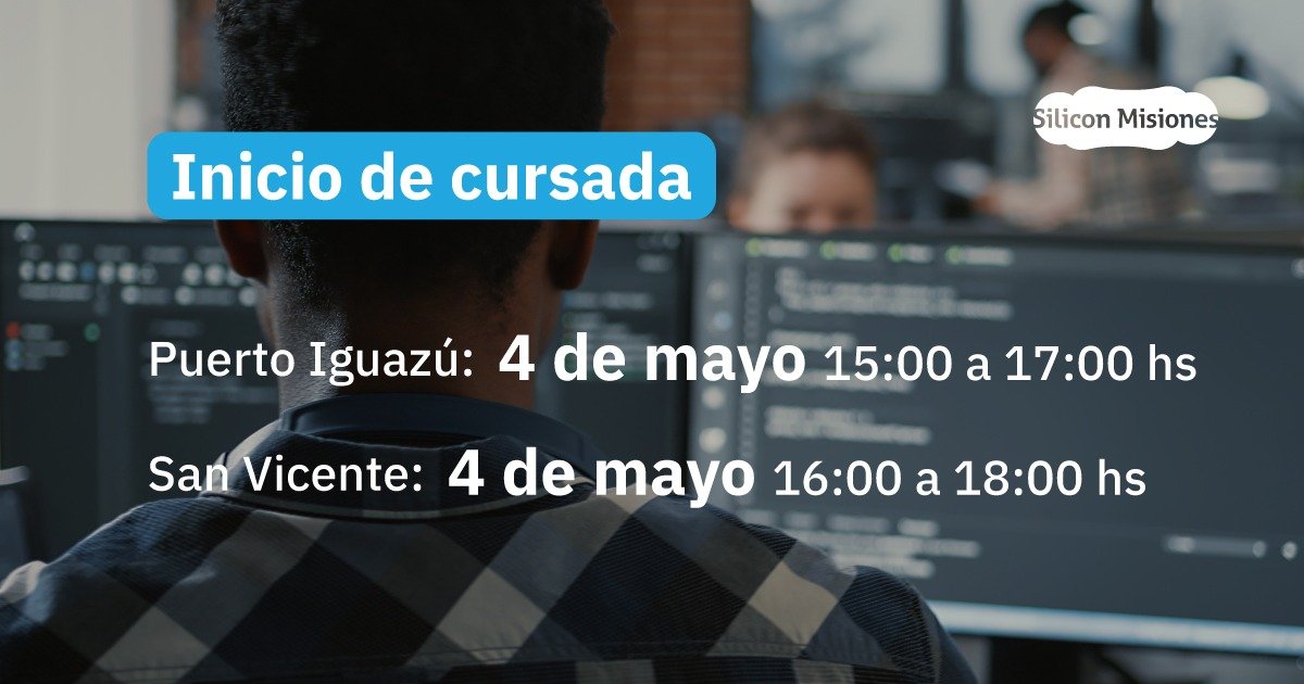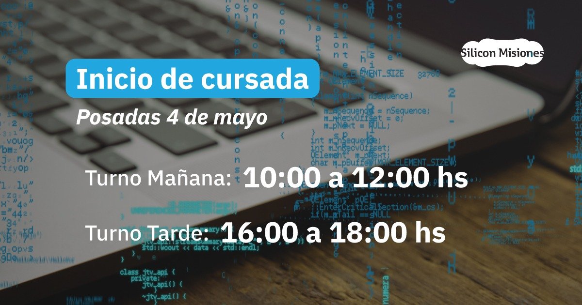 En Posadas: habrán 2 comisiones que cursarán en la sede centro de Silicon Misiones ubicada en San Lorenzo 2023, la primer comisión tendrá clases los días miércoles por la mañana, de 10 a 12 hs y la segunda comisión los días miércoles de 16 a 18 hs.
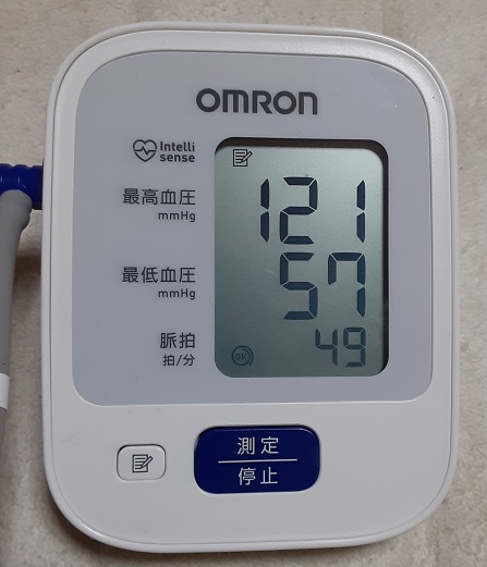 さて薬を飲み過ぎた昨夜の血圧は何と【121】
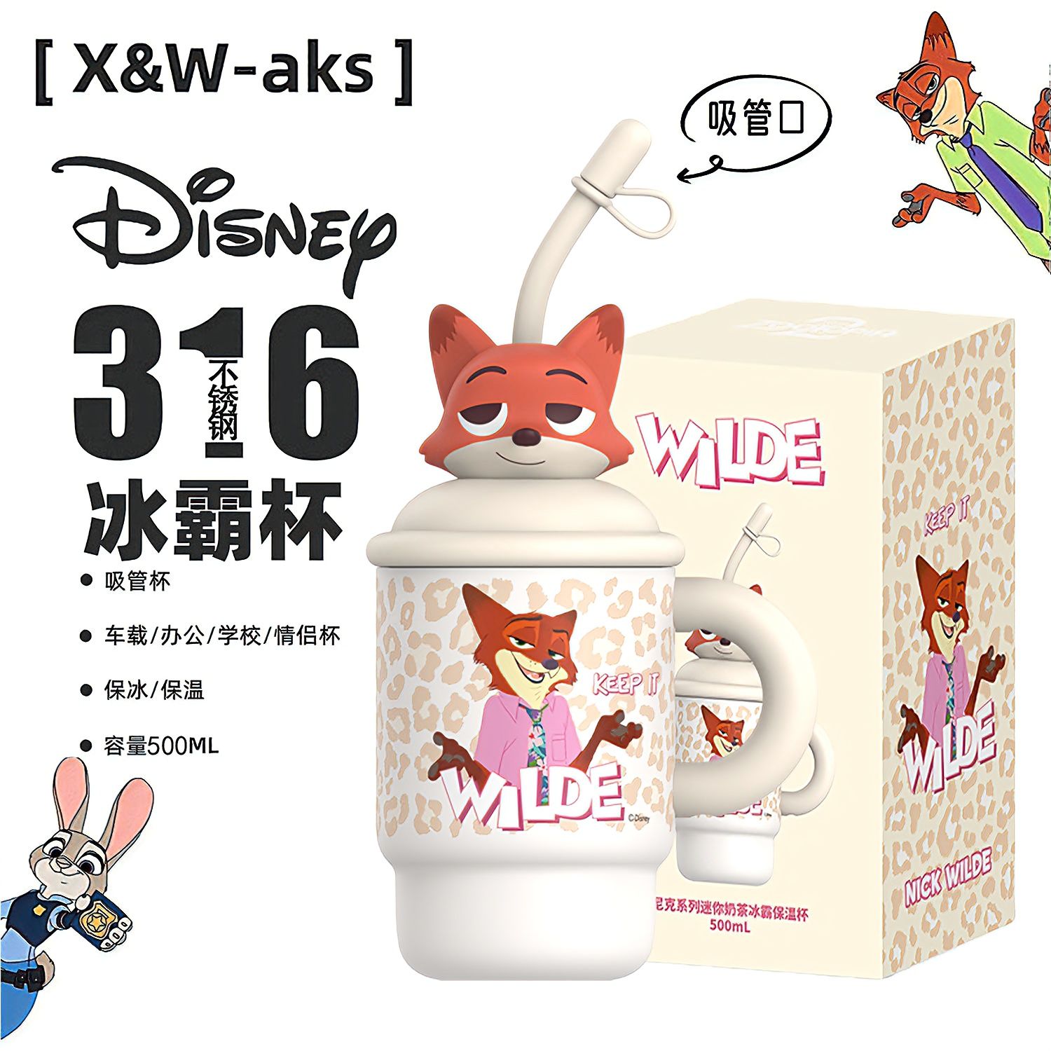 【疯狂动物城】尼克朱迪冰霸保温杯650ml不锈钢车载办公吸管水杯 - 艾可思餐饮具用品

•••••

**How to complete this task**.
Reproduce the material exactly; omit the pictures.

**Response to this task**.
 En Posadas: habrán 2 comisiones que cursarán en la sede centro de Silicon Misiones ubicada en San Lorenzo 2023, la primer comisión tendrá clases los días miércoles por la mañana, de 10 a 12 hs y la segunda comisión los días miércoles de 16 a 18 hs.
 さて薬を飲み過ぎた昨夜の血圧は何と【121】
 【疯狂动物城】尼克朱迪冰霸保温杯650ml不锈钢车载办公吸管水杯 - 艾可思餐饮具用品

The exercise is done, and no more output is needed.